Progressives are successful because those who believe in limited government are not focusing enough attention on the alternatives to never-ending federal programs. Conservatives need participate in private sector charity and actively promote it as the better alternative. Progressives are viewed as benevolent, while conservatives are portrayed as selfish and uncaring. Until this situation changes, we are headed down the path Greece has blazed for us.
Posted June 7, 2010 at 12:24:15 PM
Anthony
The ever-expanding burden of "rights" that the Obama Administration and the Democrats in Congress are pushing create a colossal fiscal burden upon the productive members of society.

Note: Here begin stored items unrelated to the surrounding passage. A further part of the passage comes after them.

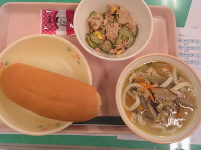 ☆ミニコッペパン ☆牛乳 ☆五目うどん ☆ツナとれんこんのサラダ ☆マーシャルビーンズ
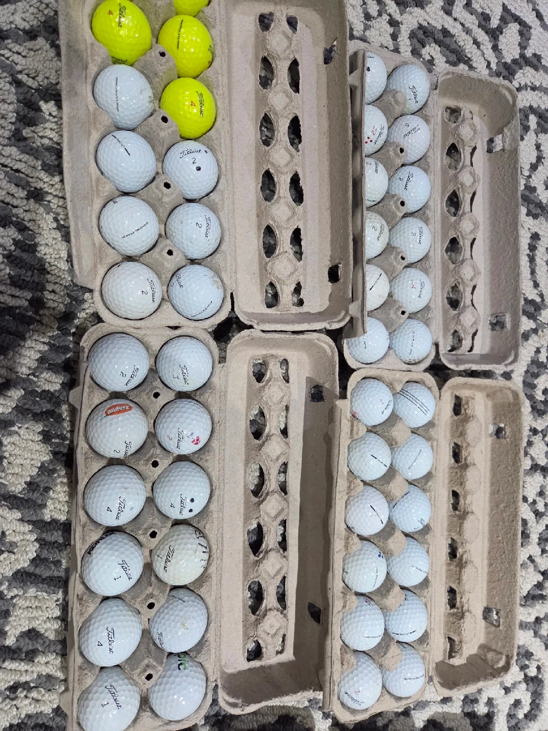 Selling a mixed set of Titleist golf balls. Includes a mix of models and colours, as shown in the photos. Great for practice or a casual round! 100 balls Pro V1
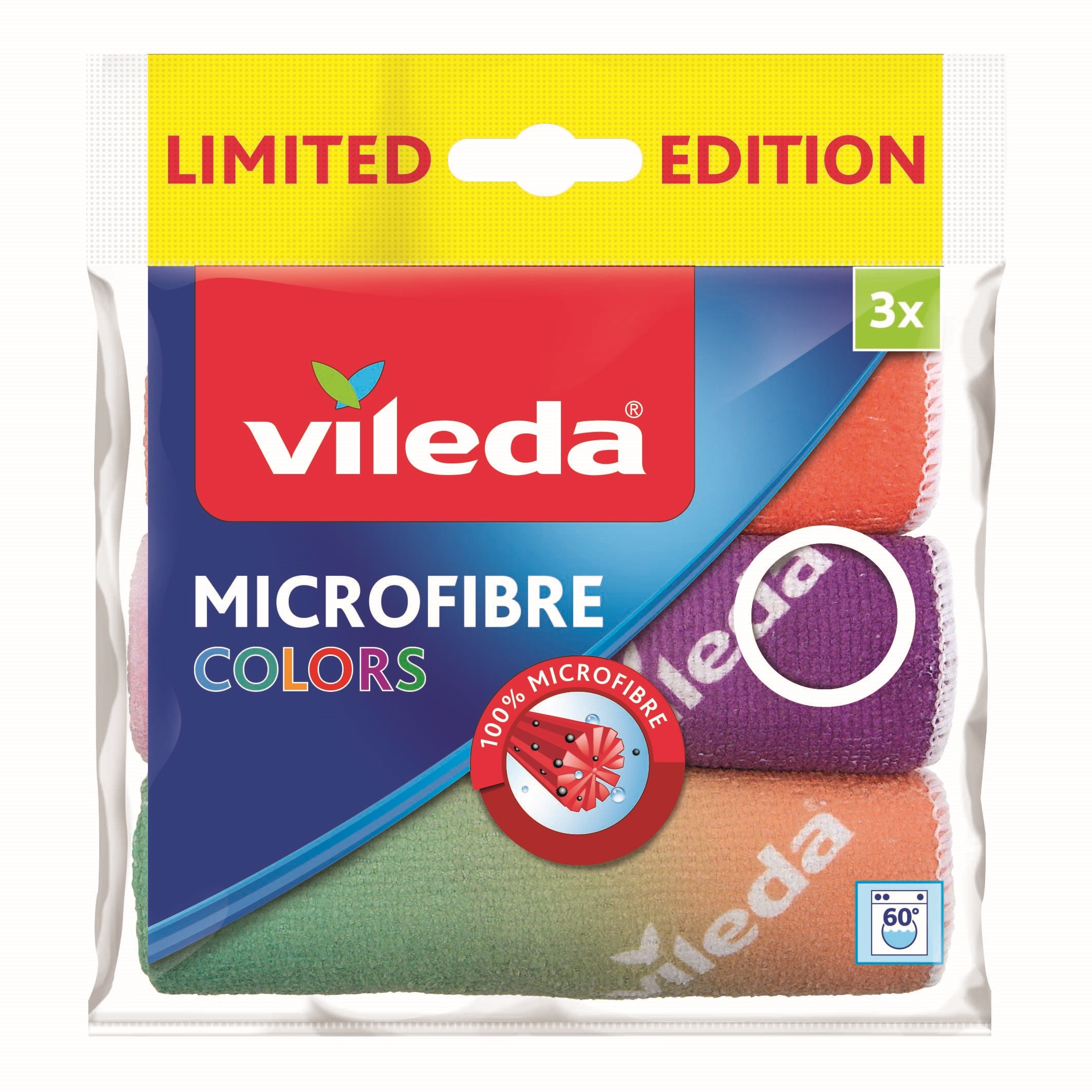 Un tripudio di colore per i panni multiuso Vileda, che combinano design esclusivo ed elevate prestazioni pulenti. I panni multiuso Vileda Microfibre Colors 3 pezzi combinano le elevate prestazioni pulenti garantite dalla migliore microfibra Vileda al pratico formato multipack di 3 panni, dal design esclusivo e dai colori diversi, moderni e accattivanti, per donare un tocco di vivacità in casa e per consentire di differenziarne l’utilizzo nei vari ambienti domestici. Realizzati al 100% in microfibra, sono ideali per pulire efficacemente qualsiasi tipo di superficie, anche senza l’uso di detergenti, assicurando la massima resistenza e durata nel tempo. I panni di Vileda Microfibre Colors 3 pezzi sono lavabili in lavatrice con ciclo normale fino a 60°.
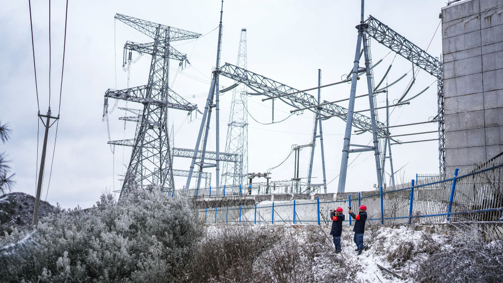 2025年1月26日,南方電網貴州六盤水鐘山供電局工作人員對轄區內線路進行覆冰觀測。新華社記者 陶亮 攝
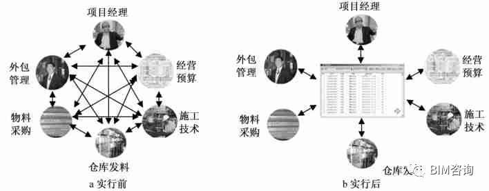 建造阶段承包商进行精细化项目管理,最大困难在于:①缺乏有效的工具和方法为各条线提供实时工程基础数据,如项目经理经营决策、人机物资源计划、仓库限额领料、物料采购各个环节往往因预算部门不能及时提供基础数据,很难做到事前控制;②缺乏有效的工具和方法为各条线提供最有效率的协同作业方法,工程变更和现场技术文件发布相当频繁,数据、信息的传递不能实时同步,沟通协调成本高,因此发生差错、延误工期现象非常严重.
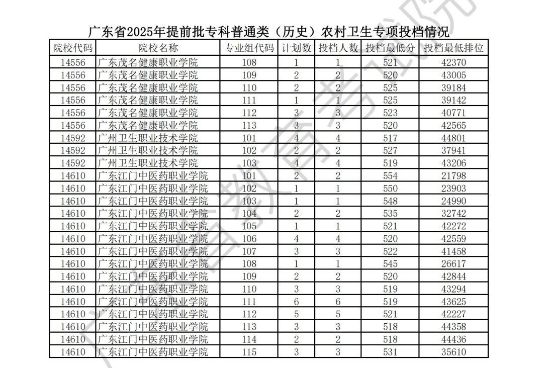 记者梳理专科农村卫生专项投档情况发现,今年该类型继续火爆,且比2024年更受追捧,所有院校专业组一次性满档,且投档线全部超过本科线,部分接近特控线。在历史类,投档线最高554分,较去年上涨31分,出自广东江门中医药职业学院101专业组,投档最低排位21798,招生计划为2人。该校102专业组最低投档分550分,投档最低排位23903,招生计划1人,位居第二;103专业组最低投档分548分,投档最低排位24990,招生计划1人,位居第三。广州卫生职业技术学院101专业组最低投档分517分,投档最低排位44801,招生计划4人,排在该类别最后一位。
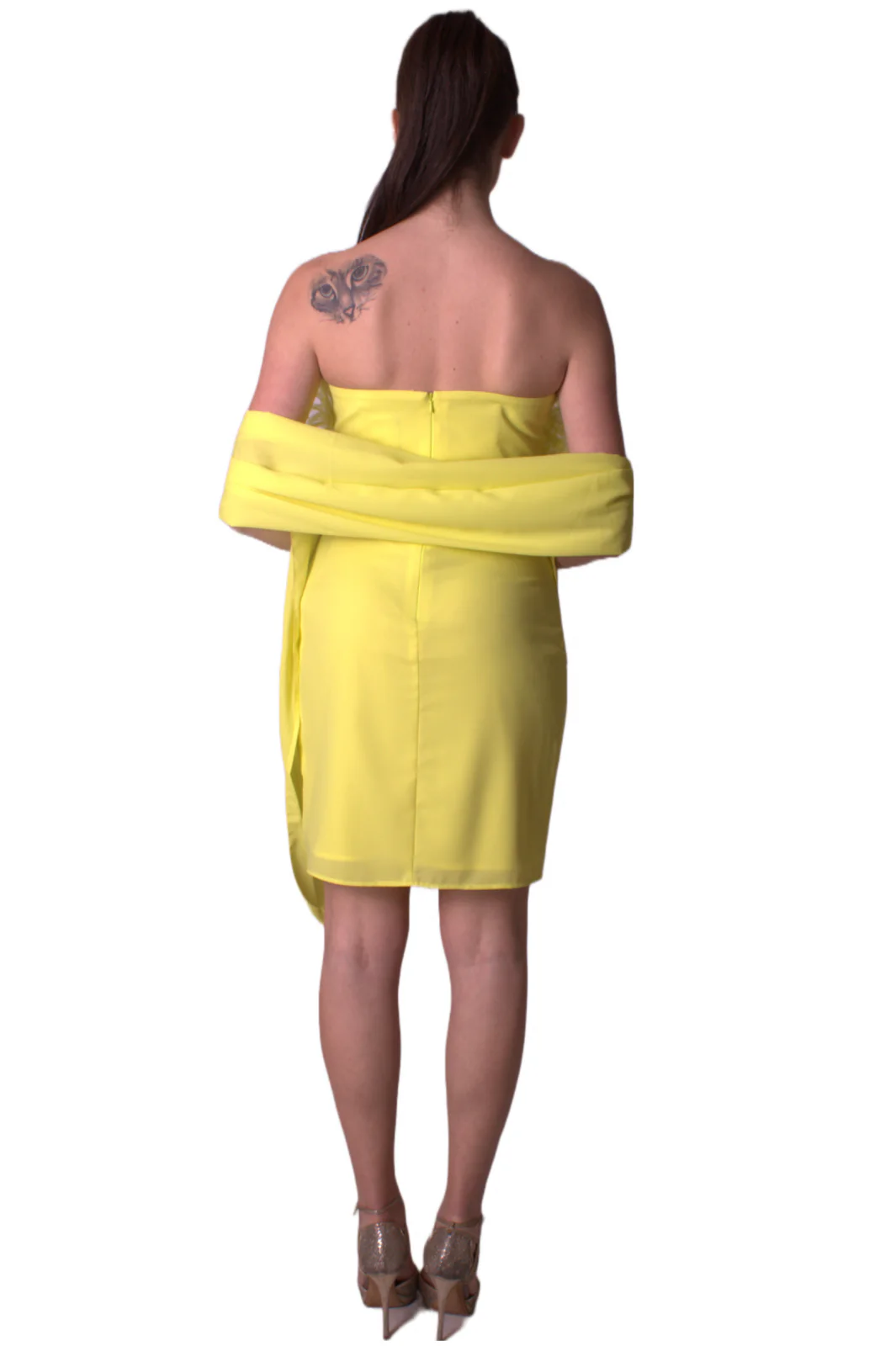 Abito in cady giallo lime modello tubino con scollatura totale.Corpino strutturato con applicazioni di piume in tono.Chiusura sul retro con zip a scomparsa.Stola in abbinamento inclusa.Foderato.100% PoliestereCodice:91/LIME

By productive, I mean those of us who work hard, pay our taxes, served (or support those who do serve) in the military, invest our money wisely, and live within our means. At some point the question of why our tax dollars are being used to support people who will not support themselves must be asked.
Posted June 8, 2010 at 3:22:13 AM
John W
Dear "Have-Nots" :
Start a To-Do list and make this one of your top ten priorities:
Become self reliant enough to be in a position to politely refuse any charity from any person, Government or group.
When all of you have completed this, the world will be at peace.
Posted June 9, 2010 at 10:32:44 PM
Jim P
The problem is perennial. "Those who would rob Peter to pay Paul can always count on the support of Paul." In Democracy in America, Alexix de Toqueville predicted that a representative form of government like ours would eventually collapse when enough people decided (or determined) that they could live off the government, because then they would just vote collectively for those politicians who would pass laws to allow them to do so.
In America, we have so far avoided the utter and complete collapse of our republic, but it is lying prone, in intensive care, on life support, with a terminal disease: "progressivism" is its current name.
Progressives believe the government is the answer to every prayer, by which they mean using other people's money, confiscated by taxation, to make sure that every one of their desires (which somehow magically become "needs" which then morph into "entitlements" almost overnight) are met. They do not believe in personal responsibilty, that
"freedom" means having the tools to strive for success, or in the idea that if the government can give it to you, the government can take it away just as easily. Instead, they believe in blaming others for their misfortune, that success or its rewards should just be handed to them, and that government is here to help them.
Until they grow up and face reality, they are lost, and if they ever gain the majority, so are all the rest of us.